A podobnie jak wczoraj aleja Kasztanowa w Lubinie pełna była stoisk, na których można było znaleźć wiele niesamowitych przedmiotów.
– Bardzo jesteśmy zadowoleni, ponieważ wszyscy wystawcy dopisali, dopisała również pogoda. Mamy ponad 100 stanowisk. Dbamy o to, by nie było u nas popularnej chińszczyzny, tylko prawdziwe rękodzieło najwyższej jakości – dodaje szefowa lubińskiej Muzy.
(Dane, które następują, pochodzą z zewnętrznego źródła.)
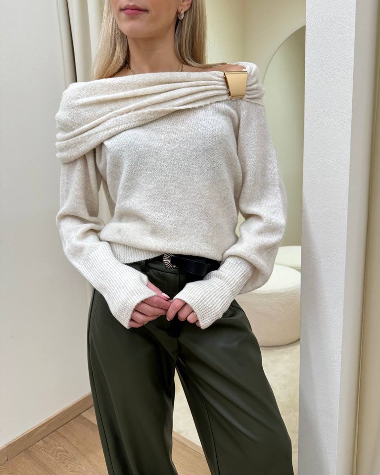 Maglia avorio con lana e viscosa, modello a maniche lunghe con scollatura schiffer rappresa da un dettaglio metallico dorato. costine alte su fondo e maniche. Vestibilità regolare.

Za najlepszego wystawcę ósmej edycji Festiwalu Rękodzieła w Lubinie została uznana pani Irena Kawerska z Kamiennej Góry.
– Tkactwo to moje hobby. Pasjonuje mnie też cały proces od posiania lnu po jego obróbkę i wytworzenie materiału – mówi pani Irena. – Sama nie sieję lnu. Przędę włókna i tkam na krosnach ręcznych. Tworzę pejzaże i wszystko, co na myśl przyniesie moja wyobraźnia. Nie przepadam za pracą odtwórczą – dodaje zwyciężczyni.
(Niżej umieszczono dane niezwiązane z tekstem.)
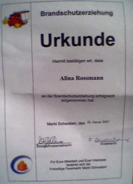 Heute war die Feuerwehr bei Euch im KiGa. Zum Glück nur zum Üben. Und zwar mit Euch Kleinen. Dass Feuer was Gefährliches ist, und was man tun muss, wenn es brennt (die Telefonnummer 112, das wußtest Du noch ein paar Tage später). Nach der Teilnahme an der "Brandschutzerziehung" hat jeder von Euch eine Urkunde bekommen. Nach dem KiGa warst Du dann bei Emily. Siehe Link für ein (schlechtes) Foto der Urkunde

– Pani Irena jest z nami od drugiej edycji festiwalu. Jej stanowisko z kołowrotkiem i z lnem i ona sama to unikat. Wszystkie rzeczy, które prezentuje zrobiła sama. To już dzisiaj rzadko spotykane rzemiosło i umiejętność – mówi Małgorzata Życzkowska-Czesak.